Extracted material section start
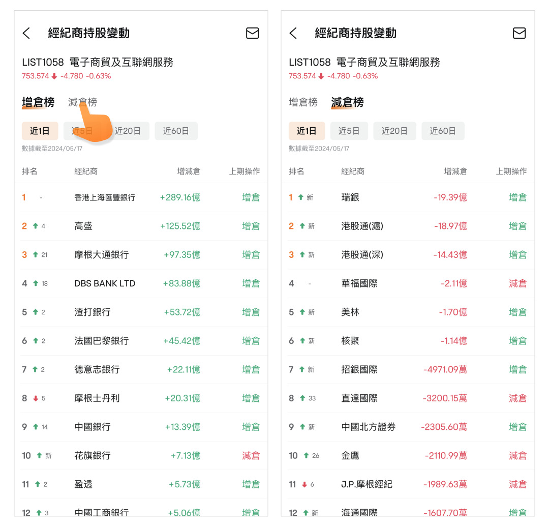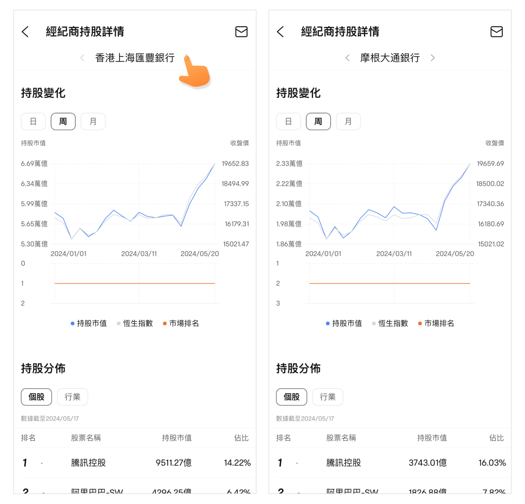路徑:市場頁>港股>亮點工具>經紀商排行>經紀商持股詳情>經紀商切換。
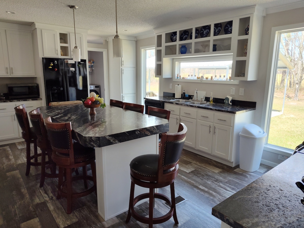 Forget your worries in this spacious and serene space. Enjoy the open feel of the floor plan. Peaceful quiet setting. On 4.64 acers. There are 13 pecan trees on property, Grapevines and a fig tree , also blueberry bushes. Quiet setting at the end of a dead end gravel road on private property.This property is overlooking a farmers field and surrounded by trees and nature. There is a pond on the property . 10 min from town. We are close to hwy 11 and hwy 55. .and hwy 258. No animals of any kind
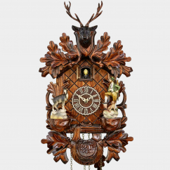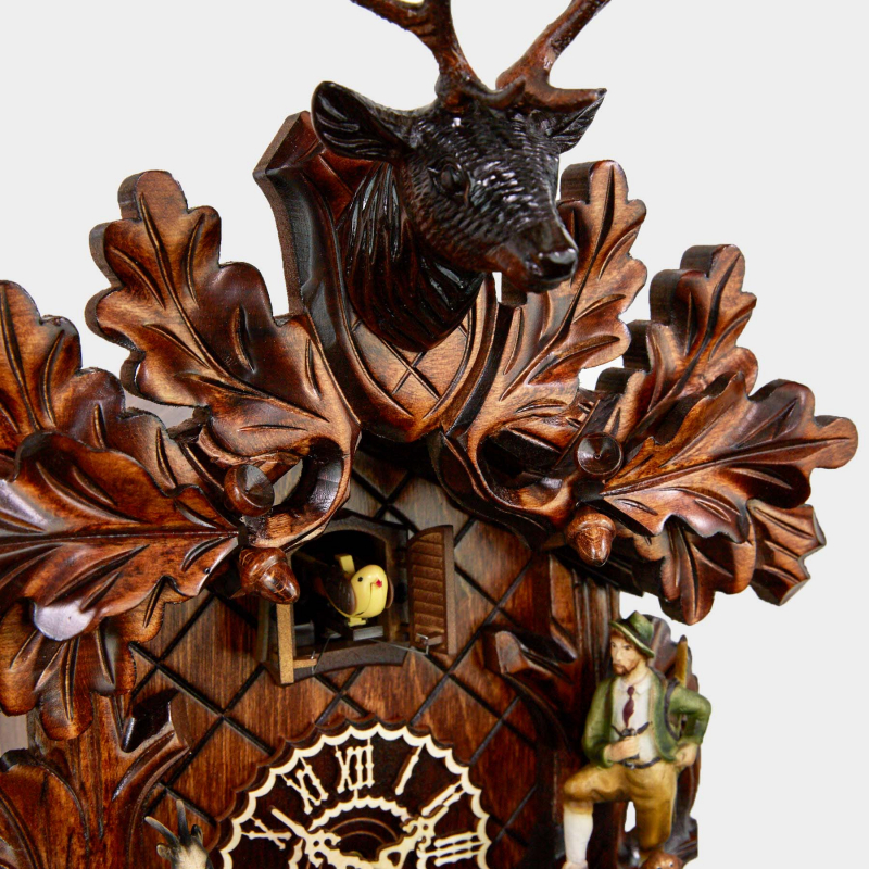 Mit dem Fernglas in der Hand und seinem Gewehr über der Schulter schaut der Jäger in die Weite und beobachtet das Wild im Walde. Über der Schwarzwälder Kuckucksuhr thront ein geschnitzter Hirschkopf mit stolzem Geweih. Das Holzgehäuse in Nussbaum gebeizt ist umrandet mit geschnitzten Eichenlaubblätter sowie einer Jagdtasche. Der Kuckuck öffnet zur vollen Stunde die Tür, zwitschert und ruft die Stundenanzahl mit einem Echo. Danach ertönt eine der 12 verschiedenen Melodien. An der Seite befindet sich ein Schalter um die Musik separat oder zusammen mit dem Kuckuck manuell abzustellen. Durch einen Lichtsensor ist bei Dunkelheit der Ton automatisch aus, die Uhrzeit jedoch läuft weiter. Das Zifferblatt und die Zeiger sind aus Holz. Diese Uhr wird von einem batteriegespeisten Quarzuhrwerk betrieben, das drei 1,5V Batterien Größe C benötigt (werden mitgeliefert). Die Kuckucksuhr wird im Originalkarton mit Gebrauchsanweisung ausgeliefert. Hergestellt wird diese Schwarzwälder Kuckucksuhr  von der Firma Trenkle, einem seit einem halben Jahrhundert bestehenden Familienunternehmen in Simonswald, dessen Markenzeichen es ist, bewährte Handarbeit mit neuester Technik zu vereinen.
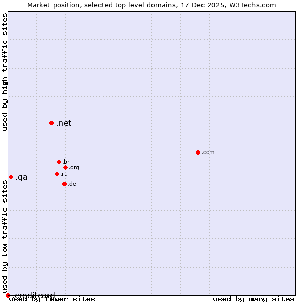 TechnologiesContent ManagementServer-side Languages Client-side Languages JavaScript Libraries CSS Frameworks Web Servers Web Panels Operating Systems Web Hosting Data Centers Reverse Proxies DNS Servers Email Servers SSL Certificate Authorities Content Delivery Traffic Analysis Tools Advertising Networks Tag Managers Social Widgets Site Elements Structured Data Markup Languages Character Encodings Image File Formats Top Level Domains Server Locations Content Languages | Technologies > Top Level Domains > Technology usage comparison Comparison of the usage statistics of .net (Network providers) vs. .qa (Qatar) vs. .creditcard (Credit card) for websitesThis report shows the usage statistics of .net (Network providers) vs. .qa (Qatar) vs. .creditcard (Credit card) as top level domain on the web. See technologies overview for explanations on the methodologies used in the surveys. Our reports are updated daily. UsageThis diagram shows the percentages of websites using the selected technologies. How to read the diagram:
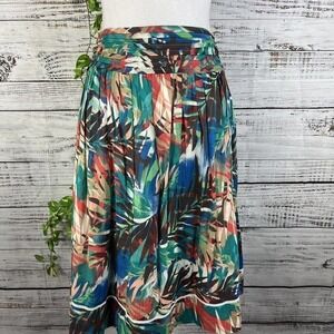 Studio West Apparel Skirt size Large Coral Green Floral Tropical Knee Hawaiian
Extracted material section end
## Description of the task
Excluding all pictures, output exactly the lines from the line containing "TechnologiesContent ManagementServer-side Languages" through the last line of the entries above.

## Reply
 TechnologiesContent ManagementServer-side Languages Client-side Languages JavaScript Libraries CSS Frameworks Web Servers Web Panels Operating Systems Web Hosting Data Centers Reverse Proxies DNS Servers Email Servers SSL Certificate Authorities Content Delivery Traffic Analysis Tools Advertising Networks Tag Managers Social Widgets Site Elements Structured Data Markup Languages Character Encodings Image File Formats Top Level Domains Server Locations Content Languages | Technologies > Top Level Domains > Technology usage comparison Comparison of the usage statistics of .net (Network providers) vs. .qa (Qatar) vs. .creditcard (Credit card) for websitesThis report shows the usage statistics of .net (Network providers) vs. .qa (Qatar) vs. .creditcard (Credit card) as top level domain on the web. See technologies overview for explanations on the methodologies used in the surveys. Our reports are updated daily. UsageThis diagram shows the percentages of websites using the selected technologies. How to read the diagram:
 Studio West Apparel Skirt size Large Coral Green Floral Tropical Knee Hawaiian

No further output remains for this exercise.